Le plan original de crédit social publié en 2014 était également vague et radical, mais il n’était pas tout à fait clair.  Par exemple, le gouvernement s’est associé à des entreprises pour certaines initiatives initiales, notamment des « scores de crédit » calculés par des entreprises technologiques privées, comme le programme de crédit au sésame de Ant Financial. En 2015, le gouvernement chinois a autorisé huit entreprises technologiques, dont Ant Financial, une filiale du géant Alibaba, à expérimenter le développement de systèmes de rapports de crédit pour les particuliers. En plus des données financières, le programme Sesame Credit prend en compte des éléments tels que les connexions aux médias sociaux et les habitudes d’achat – une caractéristique du produit qui a suscité beaucoup d’attention en Occident. En 2017, le gouvernement chinois avait décidé qu’aucun des pilotes ne serait autorisé à devenir une mesure officielle de déclaration de crédit, en raison de préoccupations concernant d’éventuels conflits d’intérêts. Aujourd’hui, le crédit Sésame, ainsi que d’autres initiatives similaires, fonctionnent essentiellement comme des programmes de fidélité.
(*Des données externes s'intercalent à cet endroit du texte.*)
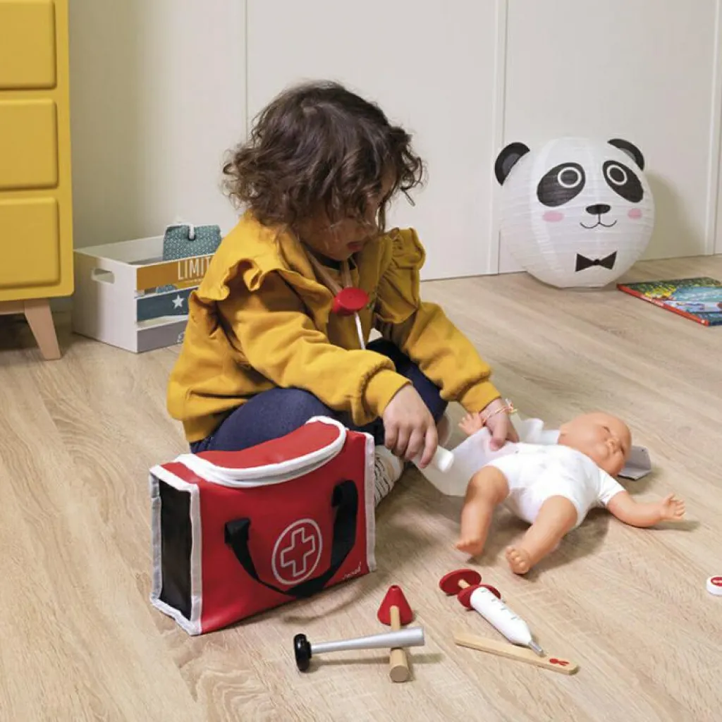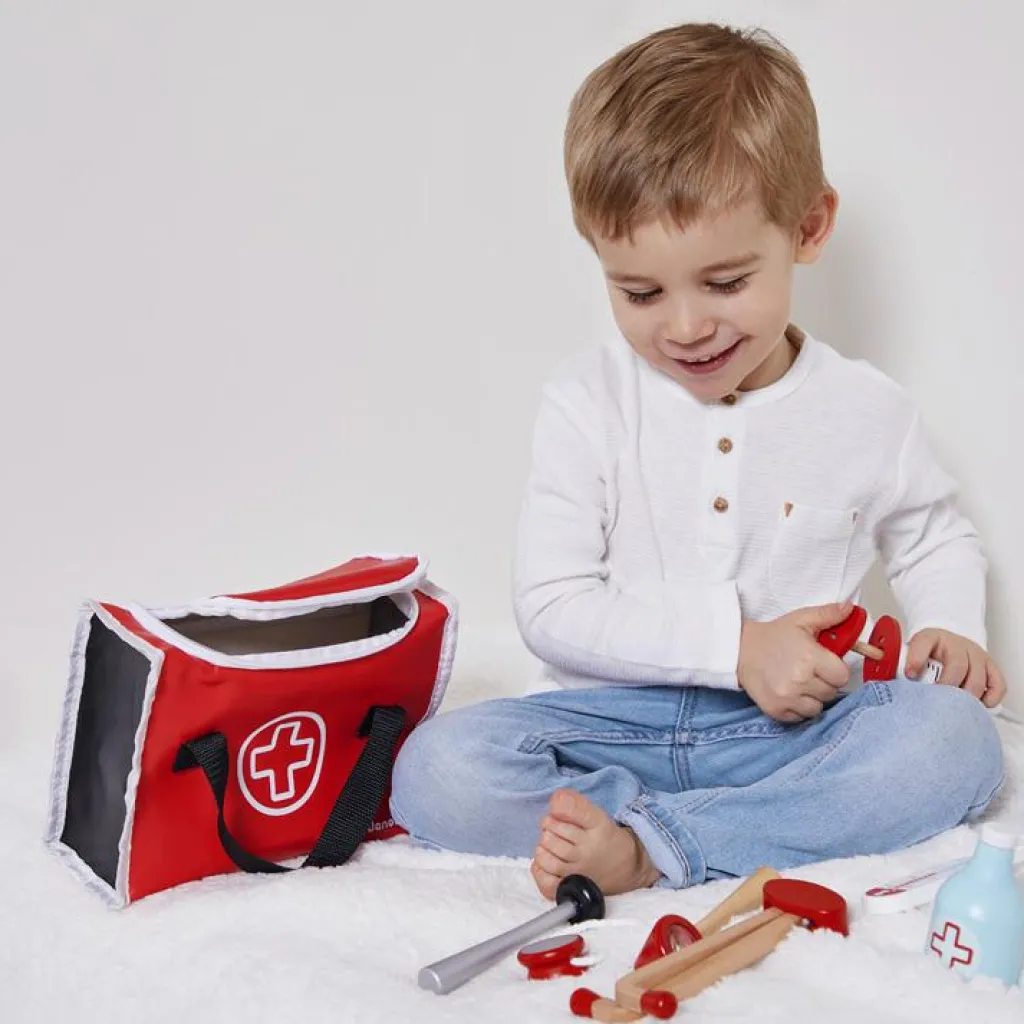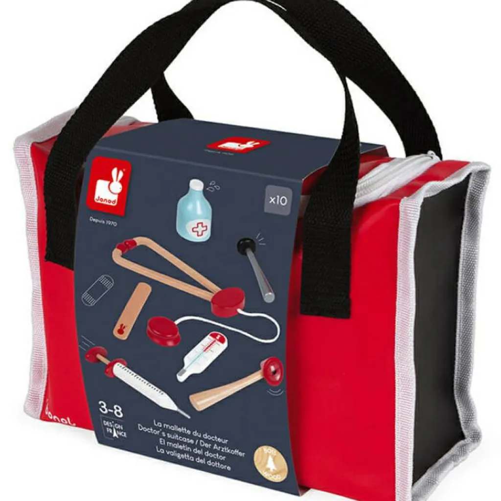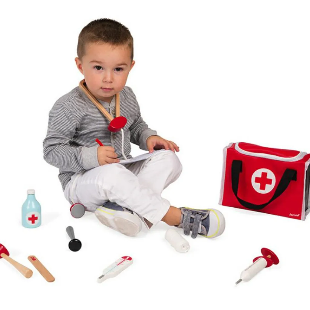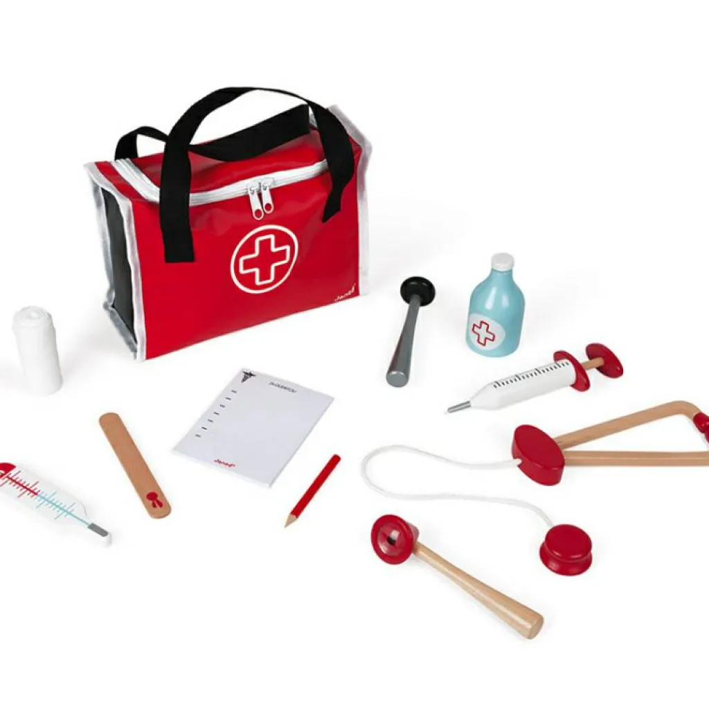 – 10 accessoires : seringue à ressort, marteau réflexe, bouteille de désinfectant, stéthoscope, otoscope avec loupe, thermomètre, languette, calepin d’ordonnance 30 pages avec crayon à papier, rouleau de bandage.

Le mécanisme principal du système de crédit social est constitué de listes noires et de listes rouges nationales. Chaque agence de régulation a été invitée à dresser un palmarès de ses pires contrevenants, des entreprises et des individus qui ont violé des réglementations sectorielles préexistantes. Les listes rouges sont exactement le contraire : ce sont des listes d’entreprises et de personnes qui ont été particulièrement respectueuses de la réglementation. Ces archives ont ensuite été rendues publiques sur un site web centralisé, appelé China Credit, où chacun peut les consulter.

Les chercheurs chinois en droit s’inquiètent notamment d’une de ces bases de données : La Cour populaire suprême tient une liste noire des personnes qui, selon le gouvernement, n’ont pas respecté les décisions de justice, par exemple en ne payant pas les amendes, mais aussi des choses comme le fait de ne pas s’excuser officiellement auprès d’une personne qu’on juge avoir fait du tort. Le fait de figurer sur cette liste noire est désormais assorti de sanctions sévères. Vous pourriez ne pas être en mesure d’acheter des billets de train à grande vitesse, de prendre l’avion ou d’envoyer vos enfants dans une école privée. Plus de 13 millions de personnes figuraient sur la liste en mars, selon les rapports de l’État, et le gouvernement a interdit l’achat de plus de 20 millions de billets d’avion.

À l’approche de l’échéance de 2020, le système de crédit social chinois est encore largement en développement. Cependant, certains signes indiquent que le système pourrait bientôt intégrer davantage de formes de collecte de données. Par exemple, selon M. Chen, le site web du Crédit social chinois encourage déjà les utilisateurs à se connecter en scannant leur visage, bien que ce ne soit pas obligatoire.